Man I am having trouble in daylight lol man I can just imagine the carnage with lights out .ibojoe what kind of snakes u shoot the only one we have with venom Mississauga rattler but is protected and does not cause much trouble


----------



## Ibojoe (Mar 13, 2016)

The back of our place is low and kinda swampy so we get water moccasin. Then the front is higher and heavily wooded so we get copperheads. Both are poison. I keep them cleaned out of the ponds and away from the house. We had some flooding last year I took some monsters.


----------



## 31610 (Aug 20, 2017)

Wow that sounds serious never seen either of them in real life but that’s ok with me .I think I pick the 410 myself


----------



## BushpotChef (Oct 7, 2017)

@Jolly Roger : Thanks for all the suggestions I will indeed get something for exercising indoors. I like the idea of a stationary bike so I think I'll look into that first.

@lbojoe : I need to get out your way and crush some snakes with ya Lol! Where abouts (region) are you located may I ask?

Sent from my SM-J320W8 using Tapatalk


----------



## Ibojoe (Mar 13, 2016)

Part of our property joins the arkansas river outside of ft. Smith. They call us the river valley region.


----------



## BushpotChef (Oct 7, 2017)

Ibojoe said:


> Part of our property joins the arkansas river outside of ft. Smith. They call us the river valley region.


Very Cool, thanks for sharing. What's your weather been like there as of late?

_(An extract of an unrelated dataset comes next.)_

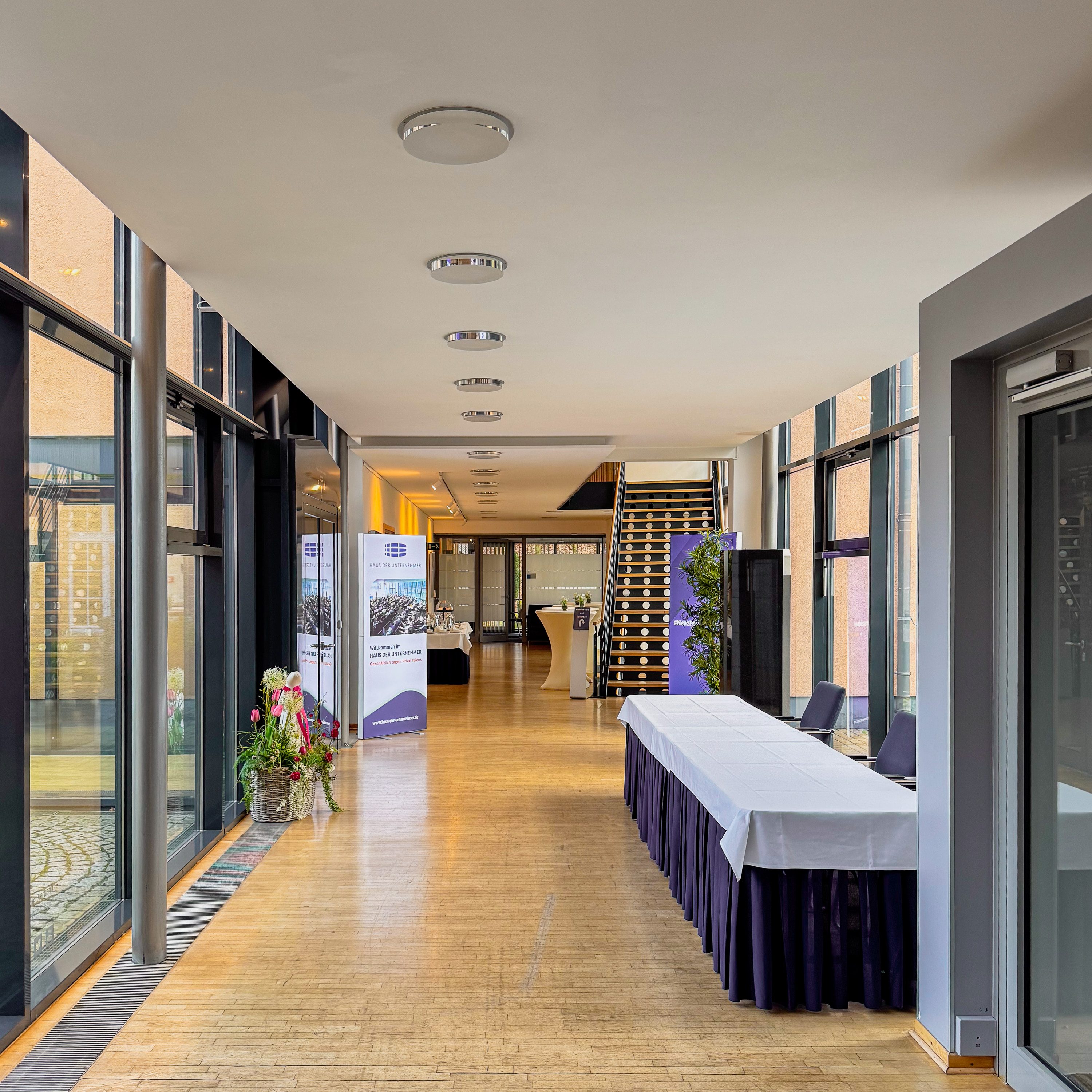 Werden Sie Gastgeber im HAUS DER UNTERNEHMER: Empfangen Sie Ihre Gäste vor dem historischen Eingang, bauen Sie das Buffet unter Zelten auf unserem Parkplatz im Grünen auf, gehen Sie in der Pause spazieren durch unsere Lavendelanlage, speisen oder tagen Sie auf der einladenden Sonnenterrasse. Auch rund um das Haus gibt es viele Möglichkeiten für die Gestaltung Ihres Events!

Sent from my SM-J320W8 using Tapatalk


----------



## Alfred E.M. (Jul 5, 2014)

'I will indeed get something for exercising indoors. I like the idea of a stationary bike so I think I'll look into that first.'

*Dr. Alfred at your service. I use a Schwinn exercise bike almost everyday - the kind with arm levers synchronized to the pedaling - and yes, they're good, especially during inclement weather. Treadmills are big, heavy, and require a lot of space - might be better to join a health club for that. *

*When you're cleared for it, plain walking is the best ... somehow it thoroughly benefits the whole skeleton. You should see my 80 year old neighbor coming back from his daily 3 mile walk - his stride is strong and natural, not a stutter shuffle like many his age. A dedicated hour per day pays huge dividends, but we all have to work up to it gradually. Also, try using Theraband for something besides slingshots, lol. *

*You're lucky in that your motivation has arrived relatively early in life, your future looks promising.*


----------



## Ibojoe (Mar 13, 2016)

Here’s a couple pics from last summer


----------



## 31610 (Aug 20, 2017)

That works on them pretty good copper heads have a big rattle on them


----------



## NoGuarantees (Feb 22, 2018)

Ha! Bushpot Chef, you do like I do and "cook out" from time to time eh? I fell down trying to ford the White River to enter the mouth of the Buffalo River. I got everything wet...I can't walk too gud, kind of a hobble. Have to hobble a ways, unfold the aluminum stool, fish a while, then go a little more and fish a while, etc. Diabetes, asthma, knee, hip, and back issues, chronic headaches...I still get out anyway! I need to practice for the nighttime marauder, so am following this one closely. After pouring all that water out of my cherished .357, I am switching to slingshot and bear spray...I was perfectly acclimated to my old carbide light, but need to get good with something that I can "get going" a little faster. You take care of yourself and don't push it too hard and you will truly be an overcomer and keep your good friends posted for many years to come! What is the best light to use, a head mounted kind?
NG


----------